Bonus: ellipses and sample output:
The invocation is
scala BresenhamCircle SIZE RATIO
for example
scala BresenhamCircle 10 2
s e r B r e s
h n e e n h
e m a a m e
e r r e
m m
h a a h
n n
s e e s
e e
r r
B B
r r
e e
s e e s
n n
h a a h
m m
e r r e
e m a a m e
h n e e n h
s e r B r e s
A ratio of 2 will print a circular shape for most fonts which happen to be about twice as tall than wide. To compensate for that, we widen by 2.
# As smaller value than 2 only 1 is available:
scala BresenhamCircle 6 1
erBre
aes sea
ah ha
e e
es se
r r
B B
r r
es se
e e
ah ha
aes sea
erBre
# widening it has more freedom:
scala BresenhamCircle 12 5
s e r B r e s
a h n e e n h a
B m m B
e r r e
e s s e
B r r B
a m m a
h h
n n
s e e s
e e
r r
B B
r r
e e
s e e s
n n
h h
a m m a
B r r B
e s s e
e r r e
B m m B
a h n e e n h a
s e r B r e s
I restricted the ratio parameter for Int to keep it simple, but it can easily be widened to allow floats.
Javascript (360)
function c(r){var f=1.83;var e=2*Math.PI/(r*r*r*r*r);var s=r*2+1;var g=Array(s);for(var i=0;i<s;i++){g[i]=Array(Math.round(s*f))};for(var i=0;i<=2*Math.PI;i+=e) {var x=Math.round(f*r*Math.cos(i)+f*r);var y=Math.round(r*Math.sin(i))+r;g[y][x]=1;}for(var j=0;j<g.length;j++){for(var i=0;i<g[j].length;i++)document.write((g[j][i]==1)?'*':' ');document.writeln()}}
http://jsfiddle.net/YssSb/3/ (f is a correction factor for the line-height / font-width ratio. If you use a square font setting, i.e., set line-height = font-size, you can set f=1 and get "square" circles. Or set f arbitrarily for ellipses.)
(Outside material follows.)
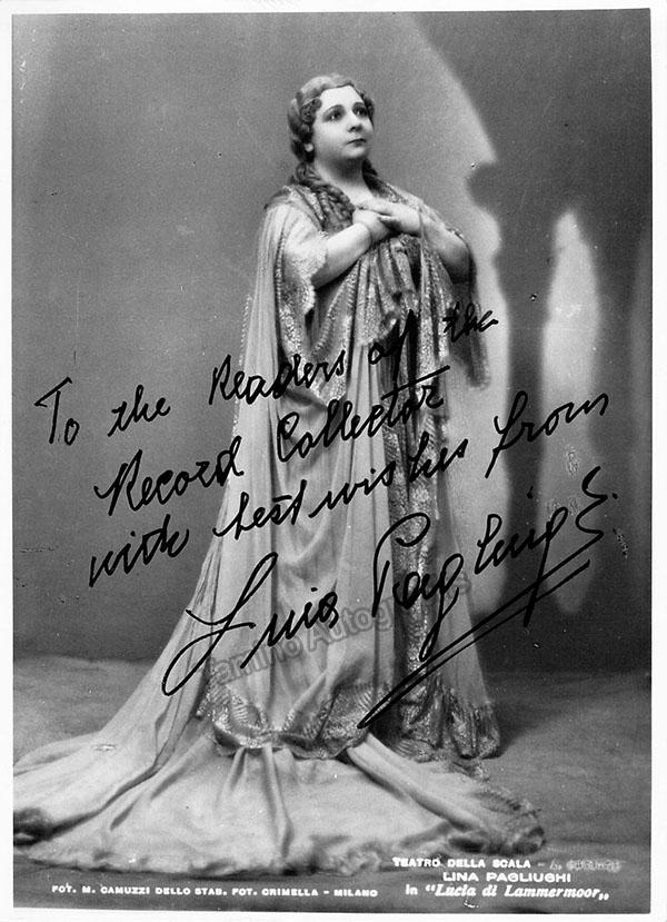 Italian soprano (1907-1980), signed and inscribed photo, shown in title role of Lucia di Lammermoor. Photo is by M.Camuzzi, Crimella Photos, Milan. Size is 4.25 x 5.75 inches, in excellent condition.

Output for 3 (interestingly enough, accidentally exactly the same shape as OP), 5, 15:
******
** **
** **
* *
** **
** **
******
*********
*** ****
*** **
** **
* *
* *
* *
** **
*** **
*** ****
*********
***************
****** ******
**** *****
*** ***
*** ***
*** ***
** **
** **
** **
** **
** **
* *
** **
* *
* *
* *
* *
* *
** **
* *
** **
** **
** **
** **
** **
*** ***
*** ***
*** ***
**** *****
****** ******
***************
Python (172)
172 chars including the two mandatory newlines. Uses the Bresenham algorithm for conic curves (no divisions or multiplications); it only outputs circles for square fonts, but should be exempt from staircase effects (ie. always has the same width).
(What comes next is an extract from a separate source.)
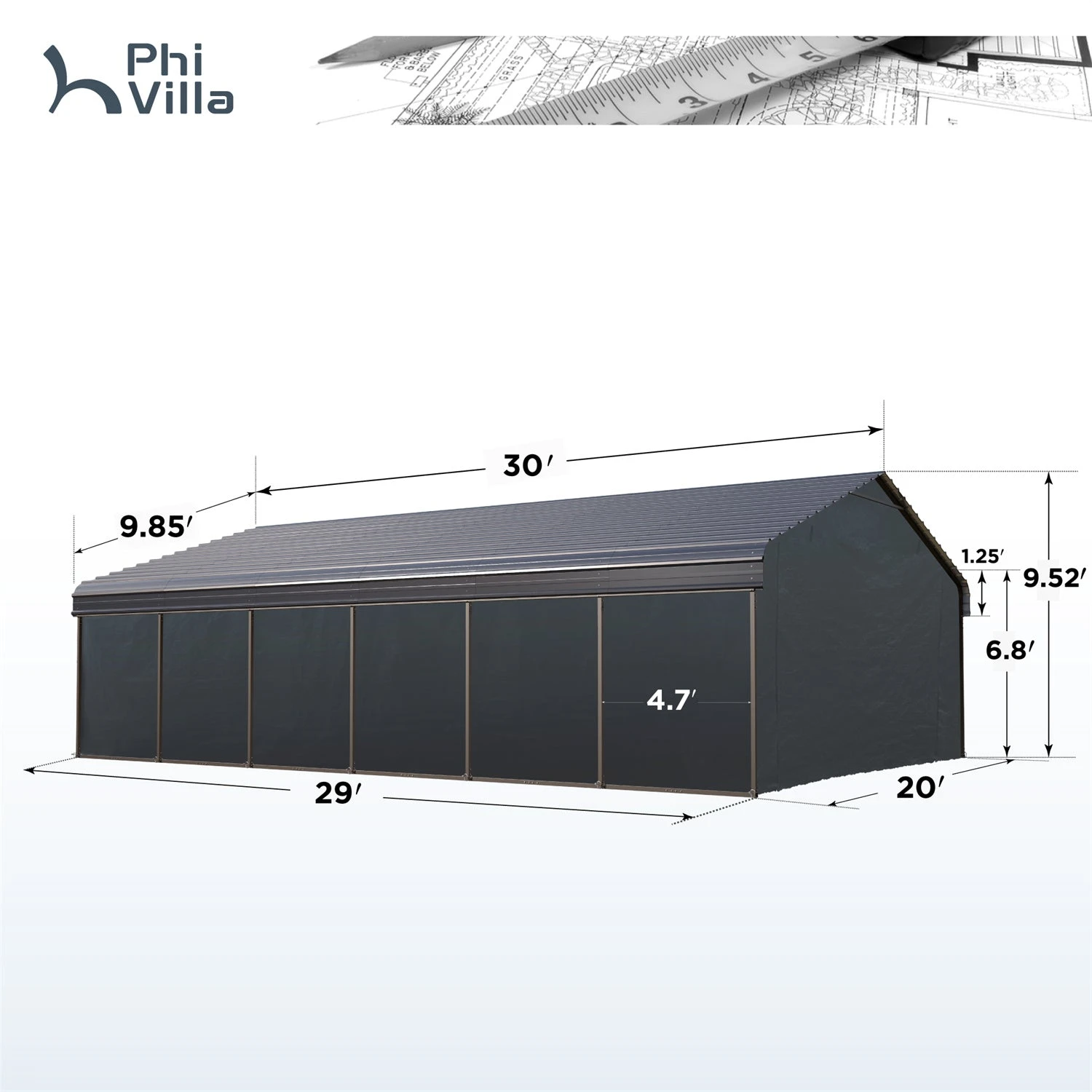 20ft. W x 30ft. D x 9ft. H

y=input();t=[y*[' ']for x in range(y)];x=0;y-=1;p=3-2*y
while x<=y:t[x][y]=t[y][x]='*';n,y=((x-y+1,y-1),(x,y))[p<0];p+=4*n+6;x+=1
for s in t[::-1]+t:print"".join(s[::-1]+s)
Not very pretty, but well, I thought I'd give it a shot.
****
* *
* *
* *
* *
* *
* *
****
********
*** ***
* *
* *
* *
* *
* *
* *
* *
* *
* *
* *
* *
* *
* *
* *
* *
* *
* *
* *
* *
* *
* *
* *
* *
* *
*** ***
********
Edit: typo, replaced addition with division.